Simply put, the point of this table is that almost every NHL coach is not worth five years. If Trotz were to receive that type of contract, the Capitals would be two years removed from Ovechkin’s current contract and three years removed from Backstrom’s current deal. Even if those two will be resigned, Ovechkin will be 37 and Backstrom will be 35. Essentially, the Capitals will be a completely different hockey team if they were to ever win the Stanley Cup again AND see the light at the end of Trotz’s contract.

As you can see from the table above again, the average Stanley Cup champion that has been able to win another won in the near future has gone on to either have a team-wide average age younger than 27 and/or have a core-group (this is simply defined as the five best point-getters in that team’s respective postseason) average age less than 28. The Capitals don’t have those two markers achieved at all.

I still stand on my belief before putting this together that the summer of 2017 started the beginning of the end for the Ovechkin era.
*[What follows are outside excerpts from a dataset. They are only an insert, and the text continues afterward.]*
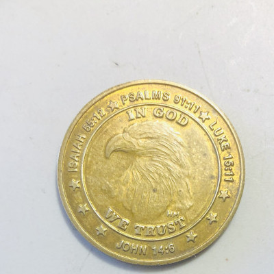 Back to me, why is god putting these coins in my hands and then they are not the right ones, so next day wife gives me a jar of penny's their are two big coins, one 1921 Australian penny good shape $1300.00 OK that's what I have, next a coin with Romans 10.13 and an eagle on the other side.hey it looks like it's gold, now it makes sense God had me looking because their was a gold coin in the house???I give it to the wife to polish up, holy molly it's gold.!!! I can't continue with this will put part two in a moment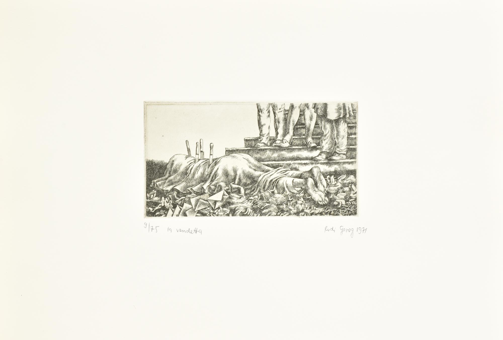 Rudi Gorog LA VENDETTA incisione su carta Fabriano, battuta cm 11x20, su...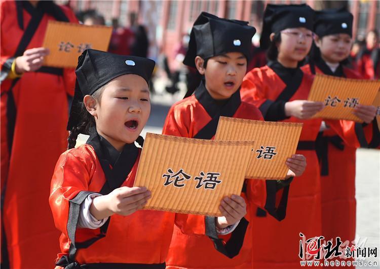 3月11日,小學(xué)生在正定文廟己亥春期釋奠禮上誦讀《論語》。 記者趙永輝攝影報(bào)道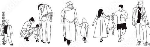 Hand-drawn doodle family border. Outline family clipart. Hand-drawn black art.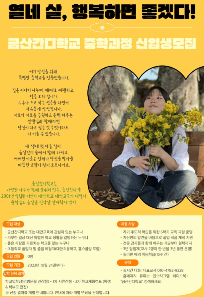 학교를 둘러보며 느낀 소감은 아래의 6행시로 대신하고, 한 마디만 덧붙이고 싶다. 금산 간디학교의 중학 과정은 아직 신입생을 모집 중이라고 한다. 대안교육에 관심 있는 분들이라면, 금산 간디학교의 홈페이지를 둘러보며 관심을 가져주시면 좋을 것 같다.^^
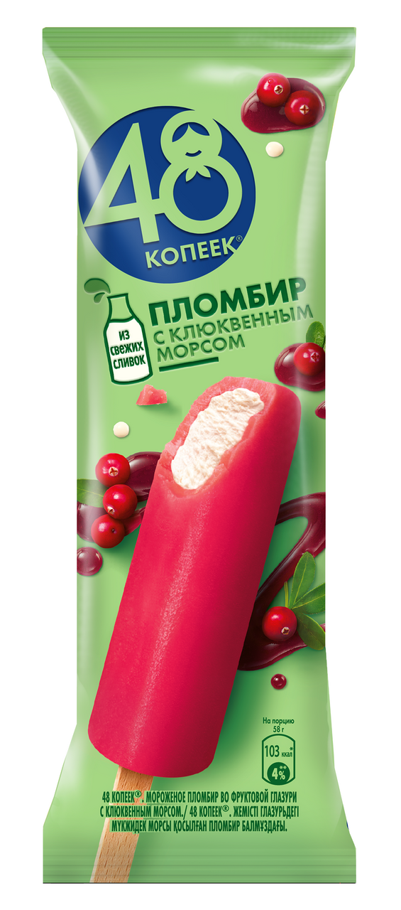 Мороженое пломбир 48 копеек во фруктовой глазури с клюквенным морсом эскимо 12%, 61г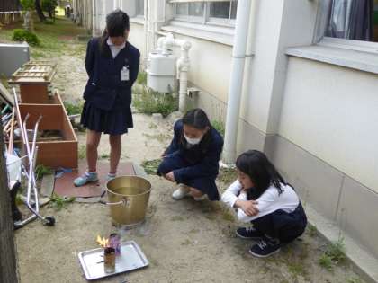 6年1組、5時間目の理科の授業、「燃焼実験」です。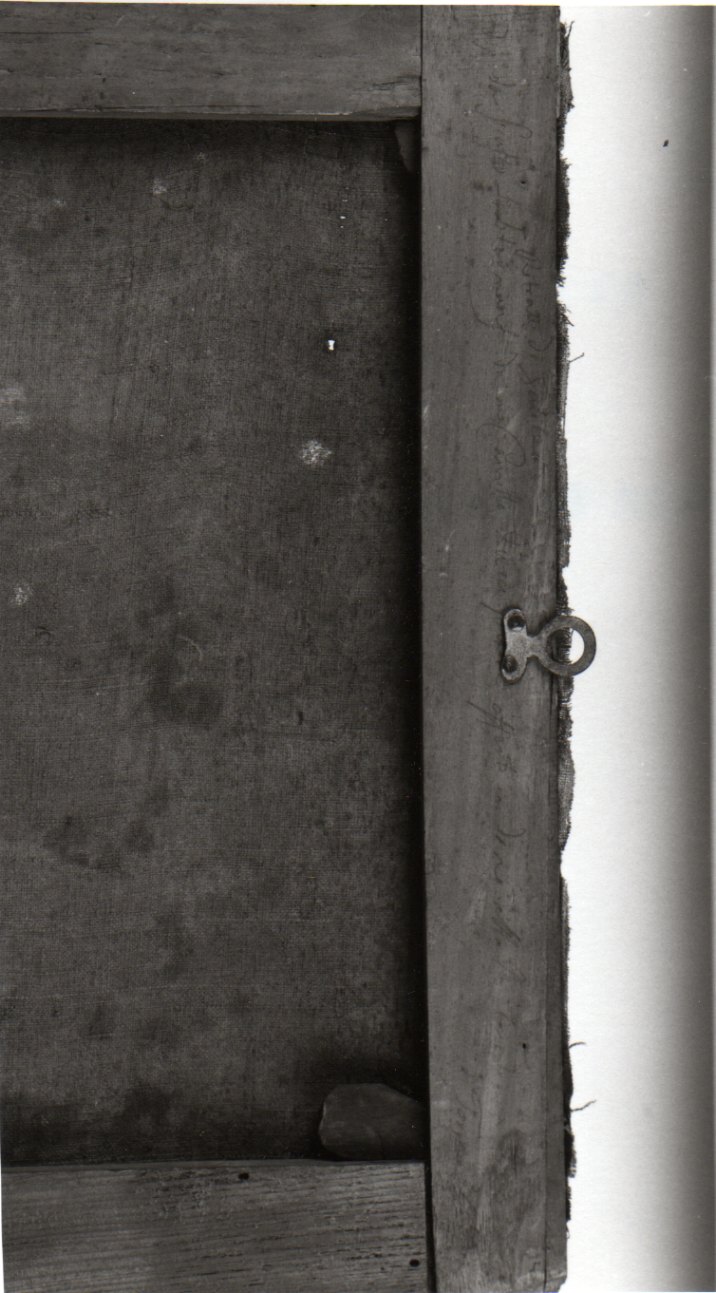 - ISCRIZIONI sul retro dell' intelaiatura - RITRATTO DI GALILEO/ DIP.O DA GIUSTO SUSTERMANS DA ME CAMILLO OFFERTO IN DONO ALLA R. ACCADEMIA DELLE SCIENZE/ IN TORINO 1739 (?) - corsivo -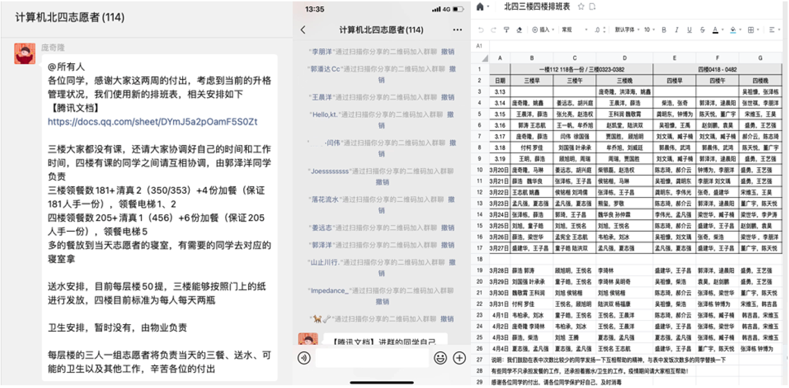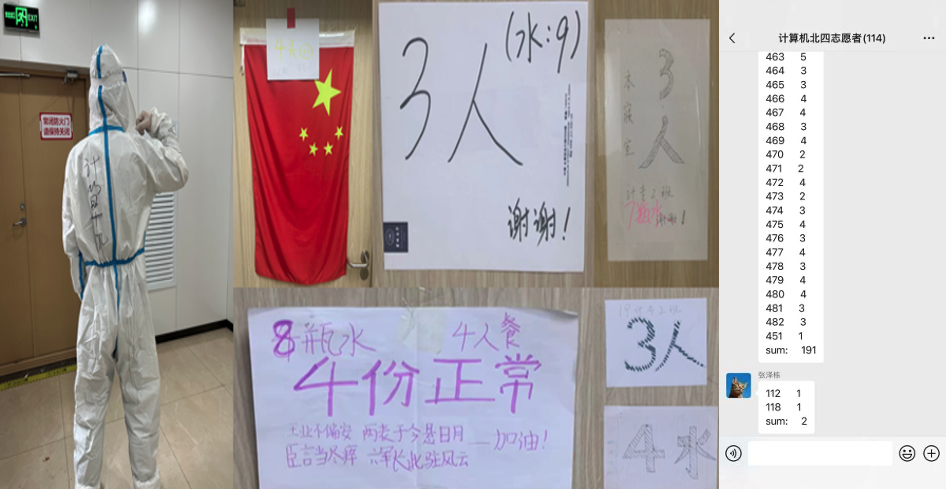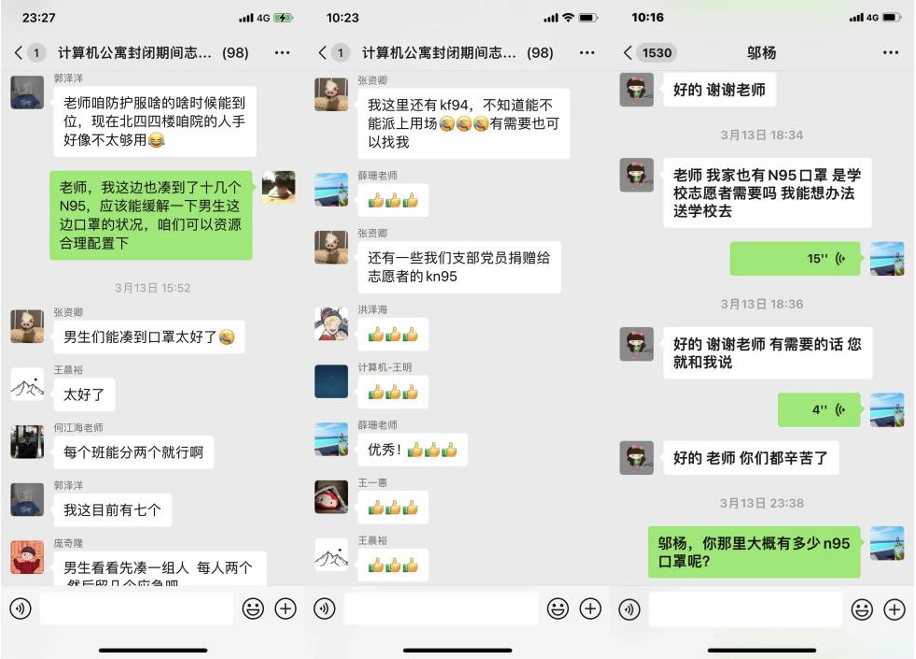 疫情吹响了战斗的号角,计算机研究生在接到学院高战国副书记的倡议后,开始踊跃报名参加志愿服务,全力以赴,共克时艰。在短短几分钟,申请出战的志愿者名字填满了在线征集表格。学硕三支部的庞奇隆作为北四志愿队的队长,从那一刻起,除了要完成各种数据统计和宣传任务外,还要全天守着手机,在各种通知群、工作群、志愿者群里不停地的切换,为的就是确保每一条消息及时传达到每一位志愿者和同学。在组织北四100多名志愿者具体工作时,他耐心分配、解答工作,对同学们的个人需求,悉心回应,收到楼长老师的调度要求,迅速响应,他的寝室门前,已成为物资集散地。在庞队长的组织下,在大家共同的努力下,楼层的送餐、物资发放效率大大提高。截至目前,计算机学院的志愿者队伍已经达到了110余人,累计安排送餐余次。志愿者们用晚睡早起的生活节奏,践行着自己作为一名共产党员的坚守与承诺。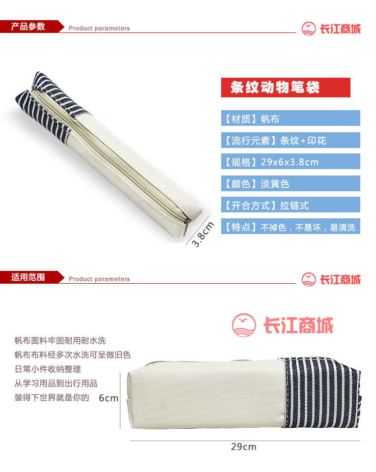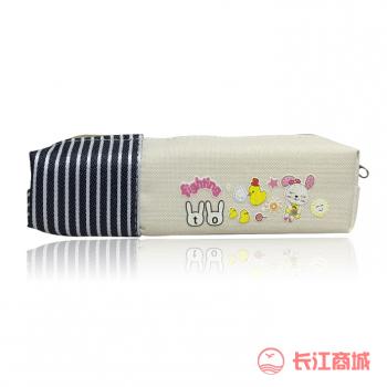 品名:笔袋 材质:帆布 开合方式:拉链式 流行元素:条纹+印花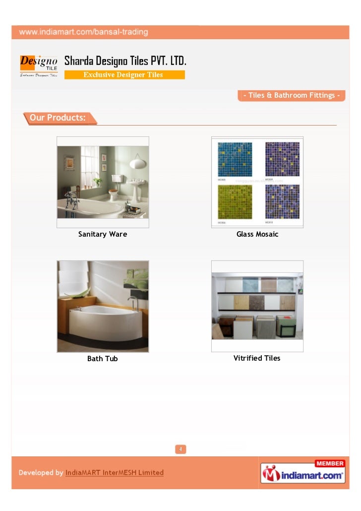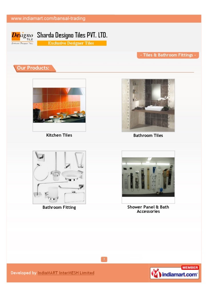 Suppliers of Kitchen Tiles And Shower Panel & Bath Accessories, Sanitary Ware And Glass Mosaic, Bath Tub And Vitrified Tiles, Bathroom Fitting And Bathroom Tiles.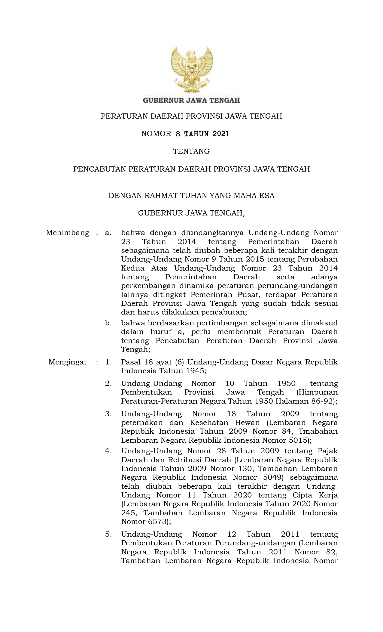 PERDA Nomor 8 Tahun 2021 | Peraturan Daerah Nomor 8 Tahun 2021 tentang PENCABUTAN PERATURAN DAERAH PROVINSI JAWA TENGAH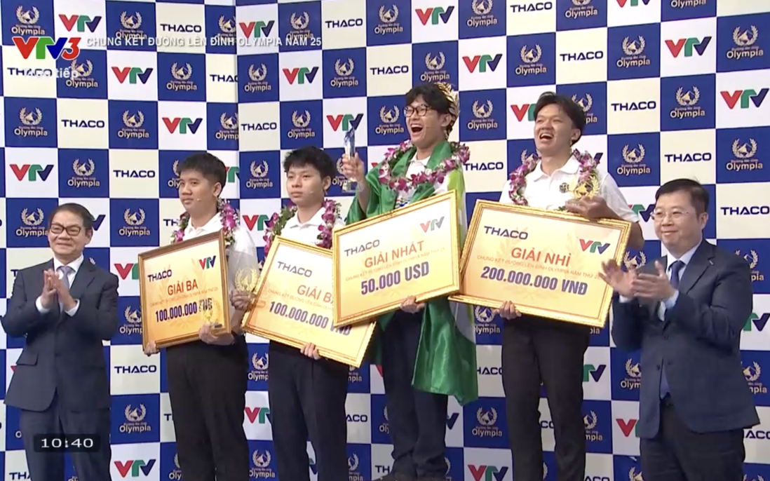 Kết thúc Đường lên đỉnh Olympia 2025, Lê Quang Duy Khoa và Nguyễn Nhựt Lam giành giải Ba, Đoàn Thanh Tùng giải Nhì với số điểm 210. Với số điểm 215, Bảo Khánh đã xuất sắc giành giải Quán quân năm nay với vòng nguyệt quế và phần thưởng 50.000 USD.

The extensions to Orlov, Kuznetsov and Oshie killed any hope for changing this team dramatically in order to win another Stanley Cup. Now they have no choice but to bring back John Carlson, regardless of how horrifyingly overpaid he becomes. The rest of Washington’s cap space will for filling out the roster with another two defensemen and four forwards, and that’s while excluding bringing back Philipp Grubauer in the picture. Did I mention that Tom Wilson and Devante Smith-Pelly are restricted free agents and will be asking for a massive pay raise? How on Earth is Washington going to pull that off without trading away another Marcus Johansson-level talent again?

Once 2019 is done, they’ll have to figure out how much they’ll have to pay Chandler Stephenson, Jakub Vrana, Christian Djoos and Andre Burakovsky as well as figure out how much of Brooks Orpik’s cap hit can be used towards free agency or keeping the team intact. Eventually, tons of rookies are going to have to populate the roster, tons of young players are going to have to be the stars of the team and all the star veterans today are going to age. Are you going to trust Trotz to see that through for five years and not have this team miss the playoffs and/or have some of the worst growing pains imaginable?

Trotz was a perfect coach for what Washington needed then. But he had too many flaws to be counted upon to guide them to a Stanley Cup coming into in 2017/18. Fortunately, Trotz made almost all the right calls when he needed to this postseason, but who says he would have done them again if he wasn’t on the last year of his contract or (possibly) know that he was no longer going to coach in DC ever again well in advance? Either way, the Caps allowed Trotz to leave with a legacy intact for this city in the hockey world. Now they just need a coach that will keep this team sustainable as long as the greatest players in team history are still around.